Perhaps I was in shock because what I saw in the container did not resemble sandwiches. No, in fact I had come face to face with something alien and it took a few seconds for my brain to compute. There in the long container were:
TWO ROWS OF BUTTON MUSHROOMS ALL LINED UP LIKE SOLDIERS ON THEIR FEET, STARING AT ME WITH BLANK FACES!
I gasped. ‘What’s this?!’ I said out loud. Because Geoff was driving through the cyclone, he couldn’t take his eyes off the road but I was in such hysterics I couldn’t tell him what I had found. He just kept driving wondering what was going on.
We had packed the wrong container! The ‘gourmet’ chicken sandwiches were still at home in the fridge. The mushrooms, in exactly the same container, were in my hot little hand!
At this point, tears poured down my face – tears of laughter that is. The whole thing was so ridiculous that there was nothing else to do but laugh. Geoff just shook his head whilst I laughed and cried. Eventually, I got out the words he needed to hear. Oh, how disappointing. Wouldn’t anything go right with this Hervey Bay. It was becoming a repeat of our Wedding Night Fiasco (see my blog The Wedding Night Fiasco).
Well, the funeral went well if you consider these things: no electricity meant the body could not be cremated, no nice music to play and no hot tea or coffee afterwards in the function room. Despite all this, some things were going well.
Geoff, who had had a strained relationship with a family member for many years had literally bumped into him beforehand when coming from the disabled toilet cum change room, and had put out his hand in a firm handshake and said, “Hello … and how are you going?” Finally, a reconciliation!
Also, due to distance we had not spent much time together with Geoff’s family in almost 12 years and so the time we spent with them was wonderful as so many in the family also met for the first time in years, shared the afternoon together at Shirley’s house with the fireplace crackling whilst the wind howled and the rain poured down outside. It was truly a special time.
Two large tables of family shared dinner that night – both families intermingling at the Burrum Heads Tavern in the middle of nowhere but who cared? On Saturday morning there was more hugging and kissing as goodbyes were said and promises of keeping in touch made.
Do you know, I am so grateful for this special time. And do you know what? We did get to our Motel eventually when the line was cleared. I am not sure what those girls were talking about but there was nothing wrong with the Motel. Being at our “honeymoon hotel” had enabled me to be grateful for 36 years of marriage to this man that I had chosen.

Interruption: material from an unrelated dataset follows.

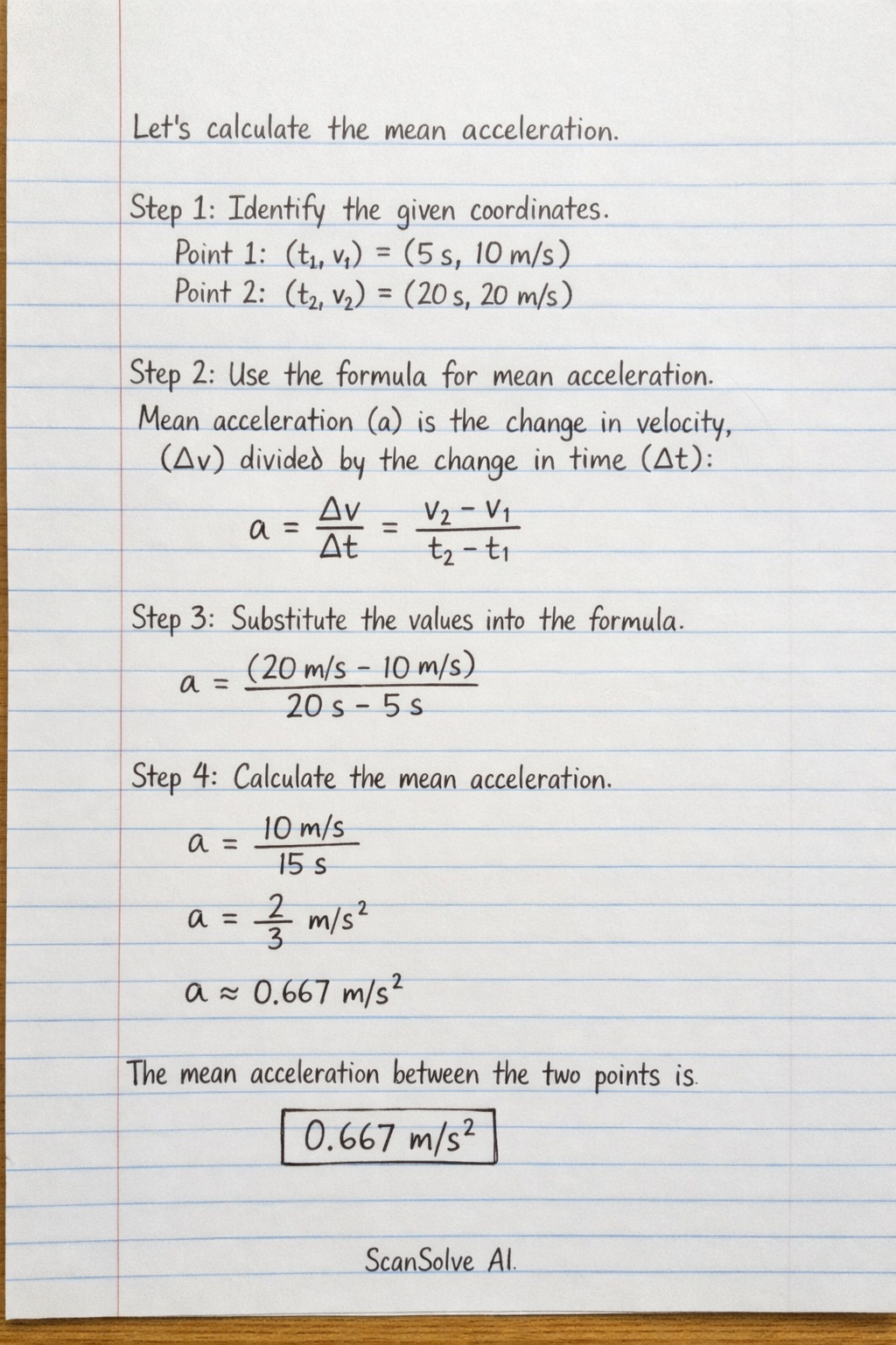 Mean acceleration (a) is the change in velocity (Δv) divided by the change in time (Δt):

I thought of all our tough times and as we reminisced about our honeymoon together, I became aware that God had indeed given me the ‘right’ person but lately I was struggling to know this truth. We had both changed and grown so much.
And as I write, there are tears in my eyes because I realise that I needed to know that we have come through the fire and we are okay. Coming to this place of our honeymoon had reminded us of the need to persevere in our marriage when things get tough.
Also, all that trying to impress the people I had not seen for some time was no longer important. The important things are family and taking the time, despite cyclones and mushrooms instead of sandwiches, to be together on a sad occasion.
Sharing this tale has shown me just what a special time it can be when a loved one passes away, for mingled with the sadness God often brings joy.”